Creating Rusalka, Opera-To-Go's Production Opens Sat

I wrote this about my most recent set design for Dvorak's Rusalka.  The show opens this Saturday and runs for two weekends.  Find out more info about tickets and such at operatogo.net and please come out and see the show!!

Rusalka's scale model was created using chipboard, foamcore, fabric and wire.
“So it’s a Czech fairy tale, with a lake onstage, three acts, two scene changes, oh, also there will be puppets.”
And with those words from William Todd Hunt, artistic director of Opera To Go, I was signed up for the set design of their latest operatic feat, “Rusalka,” which opens this Saturday evening at Thunder Mountain High School.
Dvorak’s “Rusalka” toys with the same plotline as Hans Christian Anderson’s “The Little Mermaid,” so immediately my mind fluttered to dancing crab puppets, sparkly tridents in pools of water onstage and nasty purple witches leaking ink everywhere. Whoops, too many cartoons as research for me. But just like every craft project I tackle, when creating this set design I had a few basic tricks up my sleeve to keep me steered in the right direction (and away from dancing crabs).

Begin with a Concept
Besides a forest and lake onstage visually, the score for “Rusalka” resonates with magic and mournful moments of lost love and love forsaken. How do you make a lake mournful or trees forsaken? Well if you are director Emily Smith, you breathe life directly into them through otherworldy puppets. Puppets in an opera? Well, you know what comes with great risk . . . so, (spoiler alert) there are puppets in our production to create a world where trees dance (I knew something would dance!) and water is alive, literally. But still, how to make that lake onstage?

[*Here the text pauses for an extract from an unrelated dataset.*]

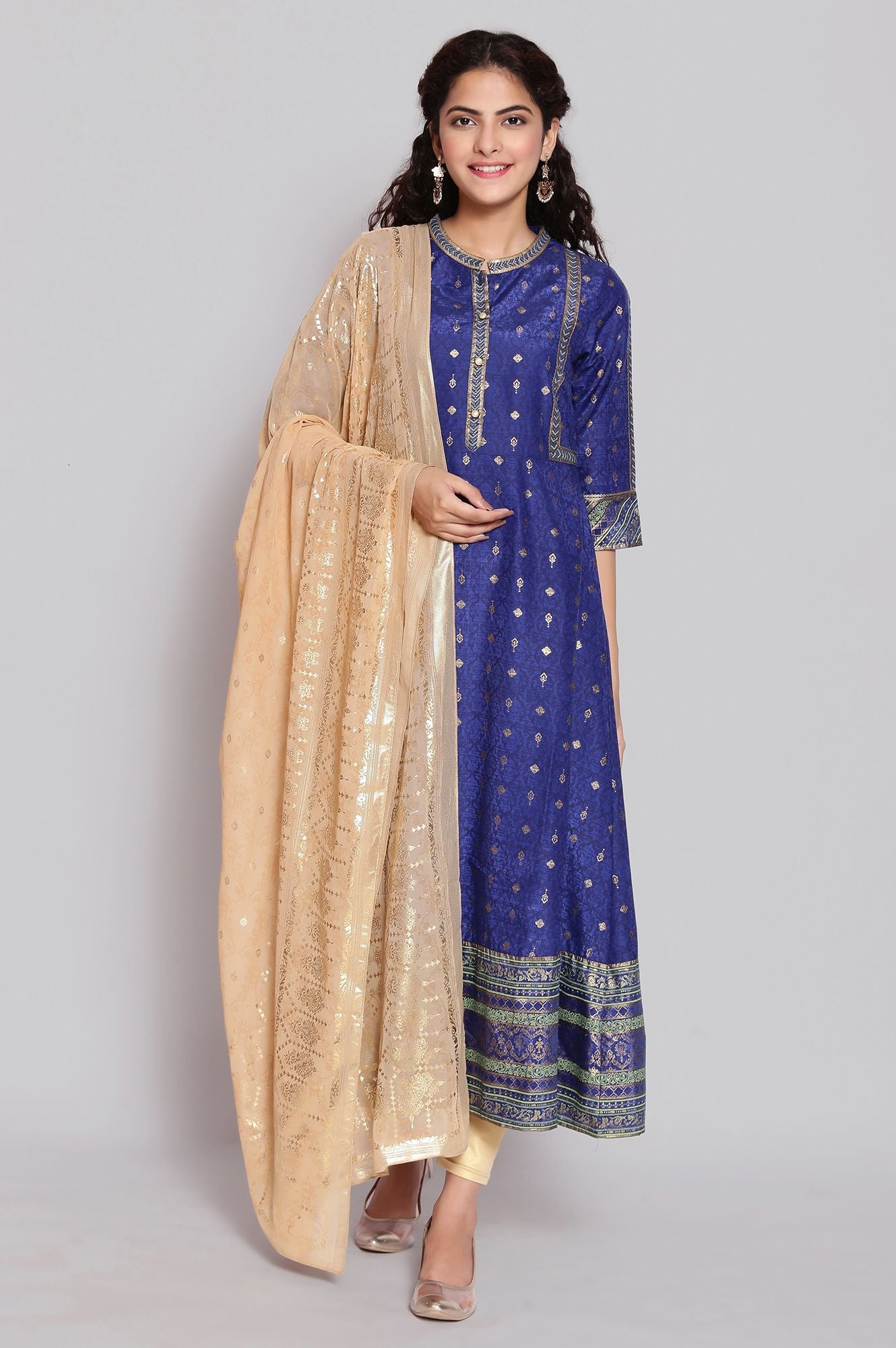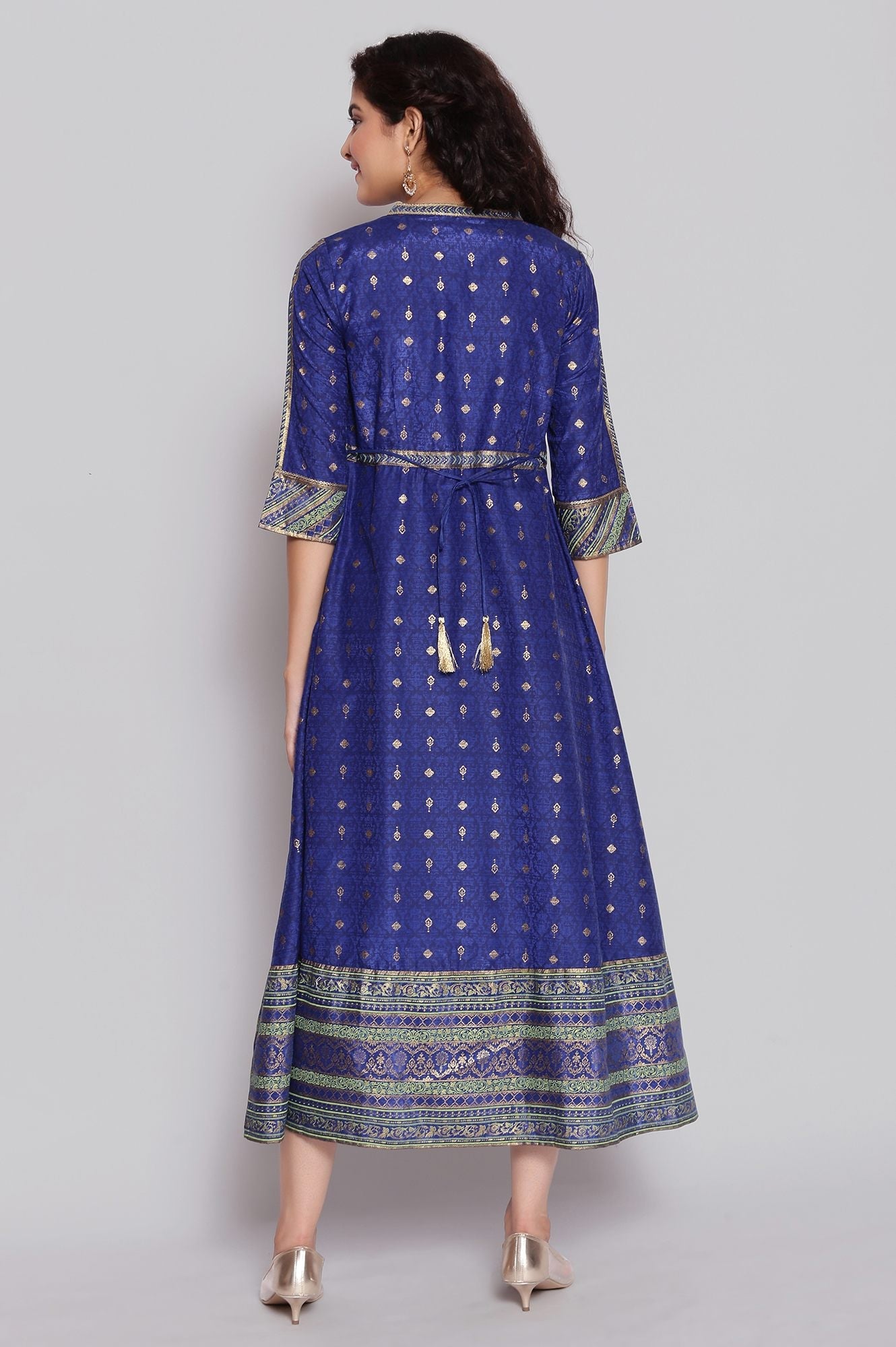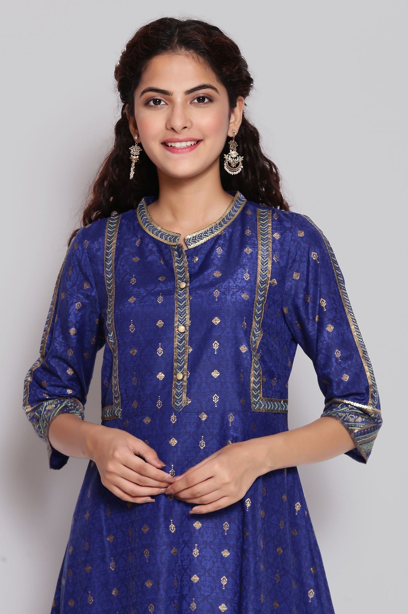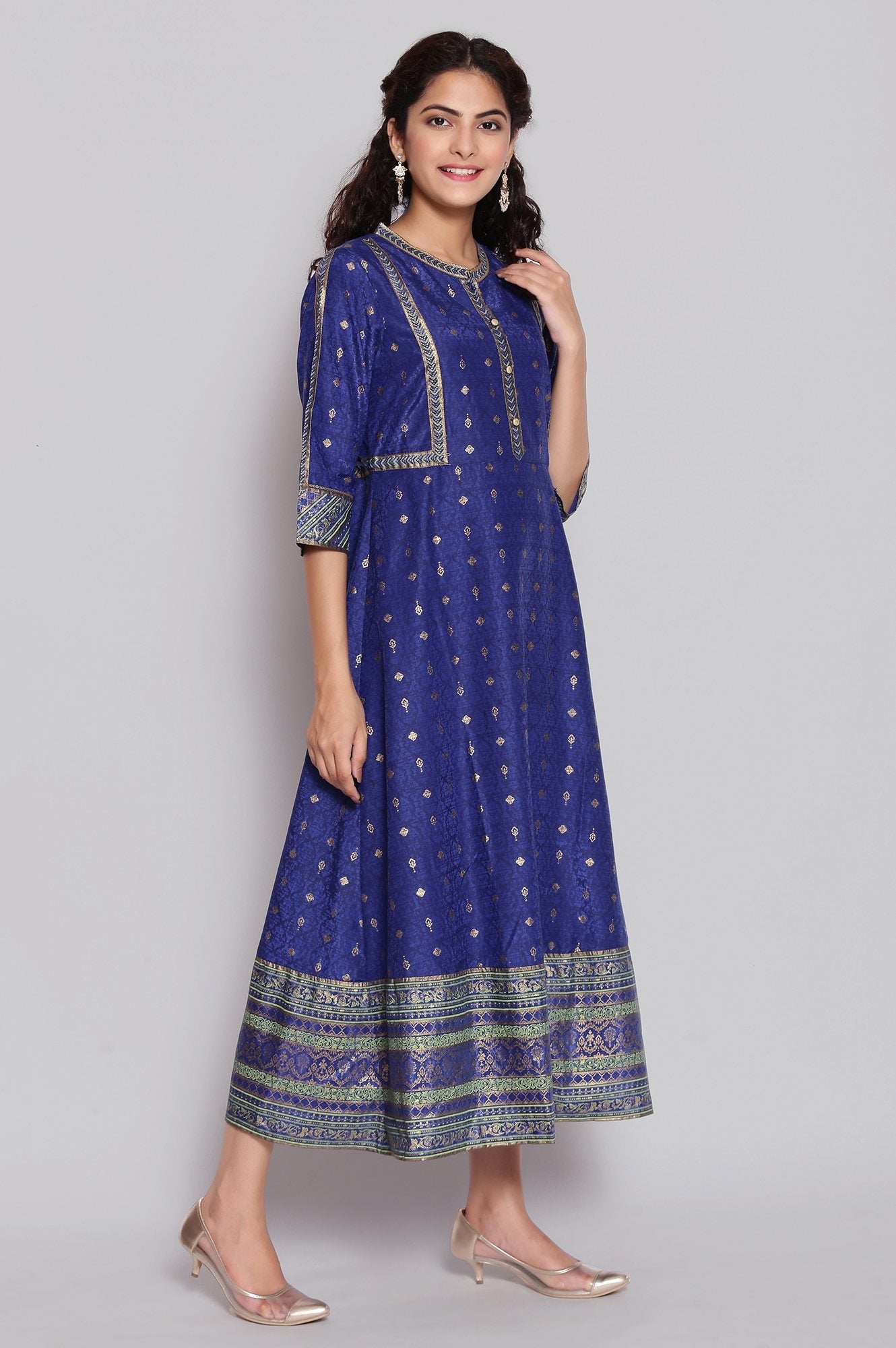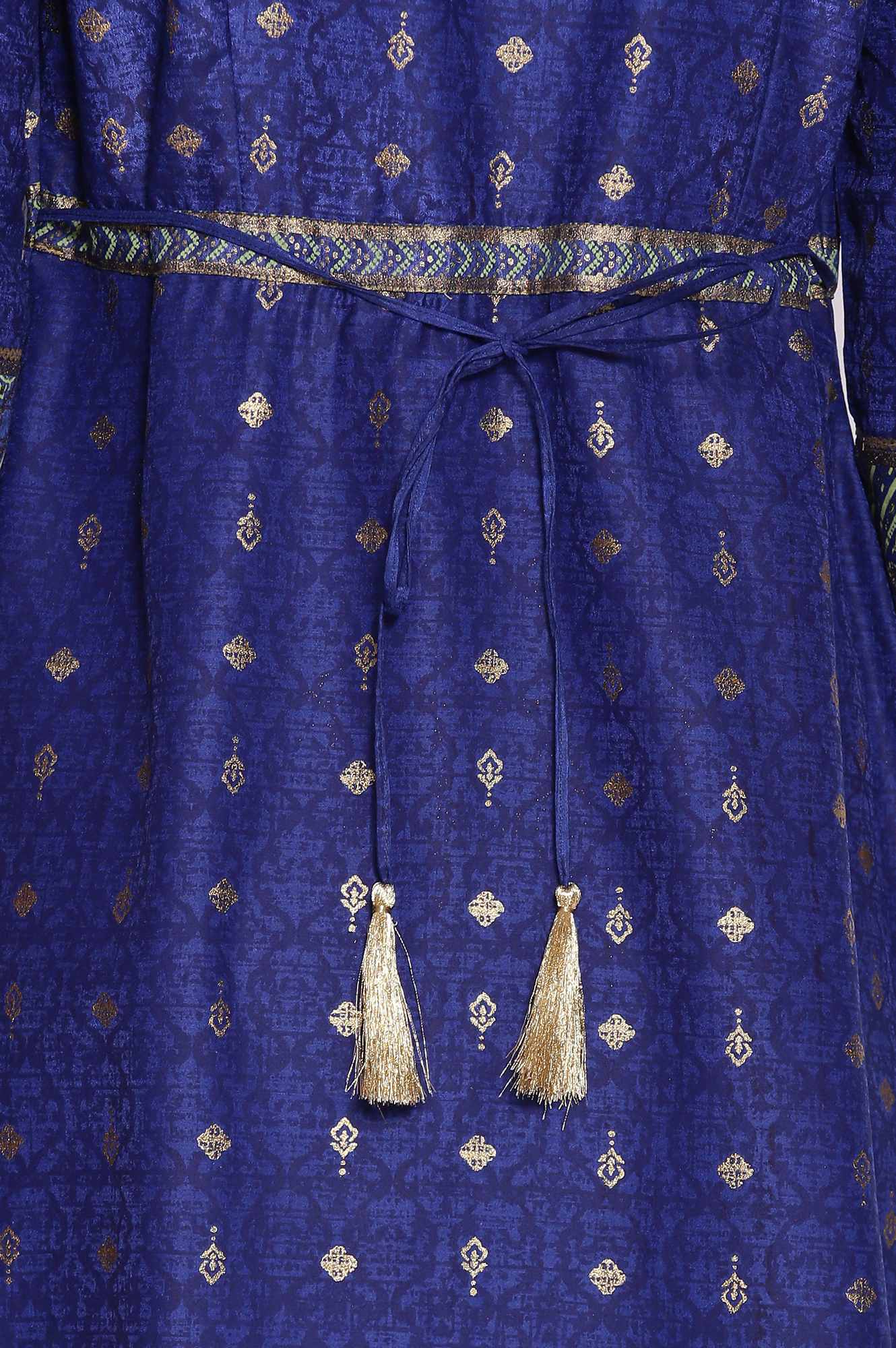 Light festive indian ethnic dress in sodalite blue colour is embellished with foil print and have border on hem and sleeves. It has mandarin collar with button closure.
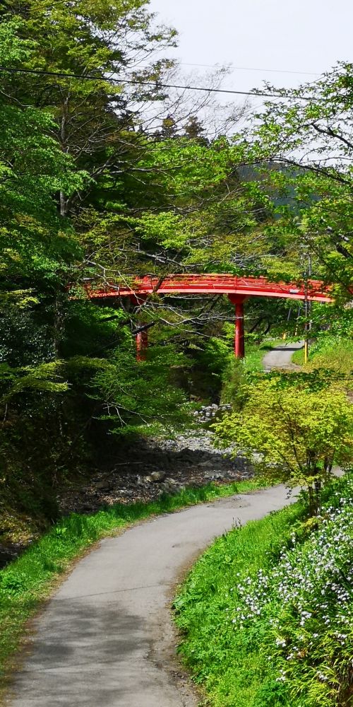 駅から見える赤い橋が駅名の由来となった極楽橋です

Research (aka beg and borrow, just don’t steal)
With any new craft it never hurts to peek at others’ work. Heck, thumbing through the Artists Gallery or Public Market can often get my creative juices rolling enough to strike gold. But gold would not be found in “The Little Mermaid” (as I do not have a budget for gold tridents), nor in real water onstage (Perseverance Theatre already rocked that), so instead we took to the Czech roots of Dvorak’s story to give both the costumes and scenery rich visual research to sift through like intricate fabrics, slatted wood huts, witches and nymphs. But still, what about that lake?

Create a prototype
As crafters, we know how to make a pattern for a hat or scarf -- first you start with a process of guesses and trial and error. But how many times can you fill a pool with water onstage and chalk it up to “trial and error” if it goes wrong. Not a good plan. So instead we take a page from our architect friends by creating a miniature model to exact scale (just like they do for a new building). Except of course we use cardboard, foamcore, illustration board, metal, wood and whatever is lying about the craft room. This is the stage when playing really begins. Like, what about a vertical lake made of fabric? Risky perhaps, or maybe just the right kind of risky for an opera with puppets?